Emerging-market and developing economies as a group are projected to experience buoyant growth at rates of 4.9% this year and 5.1% in 2019, up slightly from 4.8% growth last year. The largest Asian economies are central to these estimates, with China’s growth moderating from 6.9% last year to 6.6% this year and 6.4% in 2019, and India’s growth accelerating from 6.7% last year to 7.4% this year and 7.8% in 2019. China will continue to rebalance its economy from investment and industry toward private consumption and services. In India the transitory effects of the currency exchange and the imposition of the national goods and service tax will diminish while private consumption is expected to be robust. Economic activity accelerated in March, signaling stabilization after weaker performance earlier in the year. Both China and India also face great uncertainty about future trade relations.

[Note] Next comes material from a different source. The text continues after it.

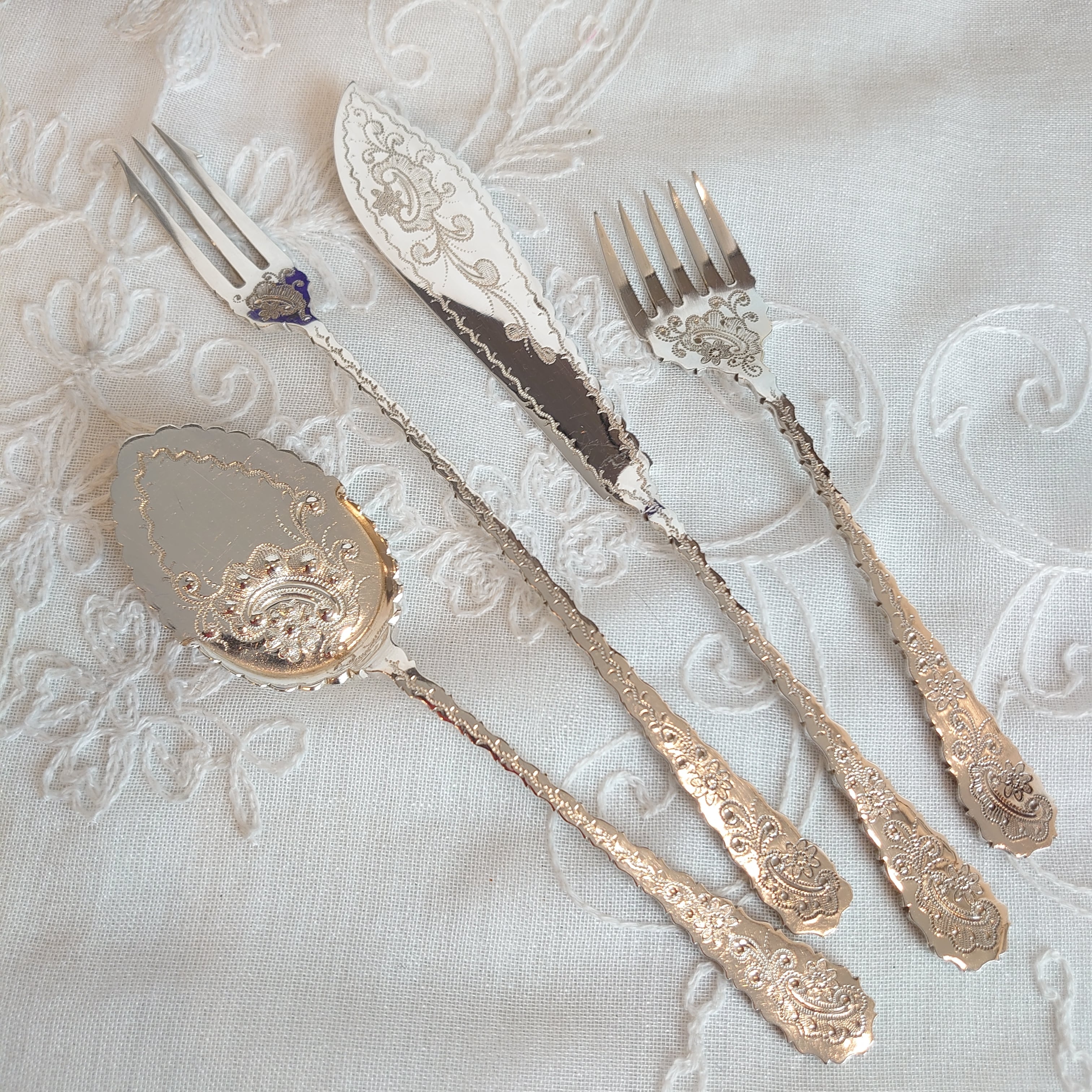 ジャムスプーン、バターナイフ、ピクルスフォーク、サービングフォークの4点セット

Latin American and Caribbean emerging and developing economies are projected to continue a gradual economic growth recovery from the effects of the fall in commodity prices during from 2014 to 2016. Following last year’s 1.3% advance, growth in 2018 is projected at 2.0% and in 2019 at 2.8%. Brazil’s recovery from a deep recession and its significant structural reforms program are central to the region’s projected improved performance.
The IMF cites a number of risks to their optimistic outlook for the next two years, risks that are more concerning for the medium term (2020 and beyond) that include geopolitical strains, a sudden and severe tightening of monetary policies, waning popular support for global economic integration, and a move toward protectionist trade policies that would impact global trade. The latter issue was debated at the annual spring meetings, with many participants stating that the growing number of trade disputes, if not resolved, could deteriorate into tit-for-tat imposition of trade barriers that would derail the global economy. U.S. Treasury Secretary Steven Mnuchin complained about persistent trade surpluses and stated “We urge the IMF to speak out more forcefully on the issue of external imbalances, including by providing clear policy recommendations for countries with large surpluses, in support of more balanced global growth.”
We have stated our concerns about the current administration’s rejection of multilateral approaches to trade issues. Trump’s rejection of a possible return to the Trans Pacific Partnership on the eve of Prime Minister Abe’s recent visit was a lost opportunity to strengthen U.S. trade relations in the Asia-Pacific region and to open markets for U.S. firms and farmers. The jury is out on whether Trump’s unilateral threats of tariffs will result in successful trade negotiations. There have been some promising signals that have reduced investor concerns. Clearly, failure would have serious implications for the global economy and financial markets.